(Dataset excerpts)
^^^^

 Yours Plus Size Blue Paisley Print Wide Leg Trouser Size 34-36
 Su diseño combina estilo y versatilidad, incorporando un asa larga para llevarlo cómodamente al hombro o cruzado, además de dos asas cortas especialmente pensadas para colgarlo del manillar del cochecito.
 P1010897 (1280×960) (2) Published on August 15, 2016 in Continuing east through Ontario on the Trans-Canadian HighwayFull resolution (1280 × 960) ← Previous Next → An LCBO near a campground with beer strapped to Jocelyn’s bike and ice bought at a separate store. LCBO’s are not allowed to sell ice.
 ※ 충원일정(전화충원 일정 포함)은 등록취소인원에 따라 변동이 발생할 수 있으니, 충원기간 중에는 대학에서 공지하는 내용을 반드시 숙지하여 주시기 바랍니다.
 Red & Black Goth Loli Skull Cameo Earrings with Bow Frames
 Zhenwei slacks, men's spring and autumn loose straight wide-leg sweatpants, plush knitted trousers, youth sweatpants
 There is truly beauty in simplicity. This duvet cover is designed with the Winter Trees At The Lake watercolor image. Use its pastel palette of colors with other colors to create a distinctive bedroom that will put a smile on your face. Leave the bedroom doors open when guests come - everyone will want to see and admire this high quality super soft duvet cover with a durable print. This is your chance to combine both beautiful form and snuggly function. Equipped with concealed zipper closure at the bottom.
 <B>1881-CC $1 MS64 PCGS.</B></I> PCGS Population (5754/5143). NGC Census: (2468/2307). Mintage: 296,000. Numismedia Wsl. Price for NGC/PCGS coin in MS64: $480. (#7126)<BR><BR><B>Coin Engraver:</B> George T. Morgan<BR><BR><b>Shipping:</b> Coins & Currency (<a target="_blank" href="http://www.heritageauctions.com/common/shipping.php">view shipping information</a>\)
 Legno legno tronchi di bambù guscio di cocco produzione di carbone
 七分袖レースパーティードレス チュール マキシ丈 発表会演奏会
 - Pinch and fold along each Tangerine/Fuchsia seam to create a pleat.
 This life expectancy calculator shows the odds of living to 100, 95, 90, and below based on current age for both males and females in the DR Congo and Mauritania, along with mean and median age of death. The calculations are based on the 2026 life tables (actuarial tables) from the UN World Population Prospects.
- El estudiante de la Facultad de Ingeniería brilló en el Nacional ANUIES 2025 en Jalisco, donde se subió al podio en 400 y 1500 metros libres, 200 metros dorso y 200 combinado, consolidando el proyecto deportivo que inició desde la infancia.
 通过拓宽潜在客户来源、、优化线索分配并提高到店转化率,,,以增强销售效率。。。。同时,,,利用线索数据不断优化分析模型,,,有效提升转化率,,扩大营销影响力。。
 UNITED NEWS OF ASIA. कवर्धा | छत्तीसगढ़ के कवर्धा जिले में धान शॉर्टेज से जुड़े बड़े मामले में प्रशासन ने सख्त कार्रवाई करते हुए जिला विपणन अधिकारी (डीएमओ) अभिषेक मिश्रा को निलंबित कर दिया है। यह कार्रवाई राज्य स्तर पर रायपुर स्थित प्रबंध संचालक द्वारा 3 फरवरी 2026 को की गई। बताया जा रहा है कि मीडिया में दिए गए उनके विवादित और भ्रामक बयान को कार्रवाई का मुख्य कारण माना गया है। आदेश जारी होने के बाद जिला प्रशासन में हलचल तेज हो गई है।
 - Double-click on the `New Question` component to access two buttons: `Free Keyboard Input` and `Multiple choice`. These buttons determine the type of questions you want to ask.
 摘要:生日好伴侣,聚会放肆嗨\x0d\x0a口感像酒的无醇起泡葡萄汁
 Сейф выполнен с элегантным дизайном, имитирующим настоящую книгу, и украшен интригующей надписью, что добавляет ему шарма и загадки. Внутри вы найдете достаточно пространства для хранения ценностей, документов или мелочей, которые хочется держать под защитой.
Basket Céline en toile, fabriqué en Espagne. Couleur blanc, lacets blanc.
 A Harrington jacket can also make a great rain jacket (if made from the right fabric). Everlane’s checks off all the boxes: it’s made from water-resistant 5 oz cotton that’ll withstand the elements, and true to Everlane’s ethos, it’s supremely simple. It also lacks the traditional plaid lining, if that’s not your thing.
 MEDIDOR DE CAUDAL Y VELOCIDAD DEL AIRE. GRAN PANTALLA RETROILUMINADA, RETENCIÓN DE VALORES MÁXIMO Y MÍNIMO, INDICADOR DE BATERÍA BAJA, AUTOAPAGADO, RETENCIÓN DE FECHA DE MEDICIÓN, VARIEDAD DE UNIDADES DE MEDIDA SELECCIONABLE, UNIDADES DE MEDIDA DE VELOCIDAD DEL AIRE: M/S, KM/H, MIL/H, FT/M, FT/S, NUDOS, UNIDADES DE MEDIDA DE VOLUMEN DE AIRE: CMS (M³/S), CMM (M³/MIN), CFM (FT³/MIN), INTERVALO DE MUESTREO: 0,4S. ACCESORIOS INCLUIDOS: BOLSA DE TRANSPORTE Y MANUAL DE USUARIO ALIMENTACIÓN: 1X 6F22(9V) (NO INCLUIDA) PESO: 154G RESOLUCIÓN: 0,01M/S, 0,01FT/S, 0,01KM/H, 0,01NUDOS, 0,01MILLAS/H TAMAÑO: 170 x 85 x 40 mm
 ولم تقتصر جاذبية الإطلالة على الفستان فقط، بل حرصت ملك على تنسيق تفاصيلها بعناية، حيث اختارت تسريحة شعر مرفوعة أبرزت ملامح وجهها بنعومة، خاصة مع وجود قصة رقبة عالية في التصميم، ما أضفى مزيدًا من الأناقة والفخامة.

^^^^

* DIRECTIONS
In the records, which lines mention the word "along"? Copy those lines.

* REPLY
 - Pinch and fold along each Tangerine/Fuchsia seam to create a pleat.
 This life expectancy calculator shows the odds of living to 100, 95, 90, and below based on current age for both males and females in the DR Congo and Mauritania, along with mean and median age of death. The calculations are based on the 2026 life tables (actuarial tables) from the UN World Population Prospects.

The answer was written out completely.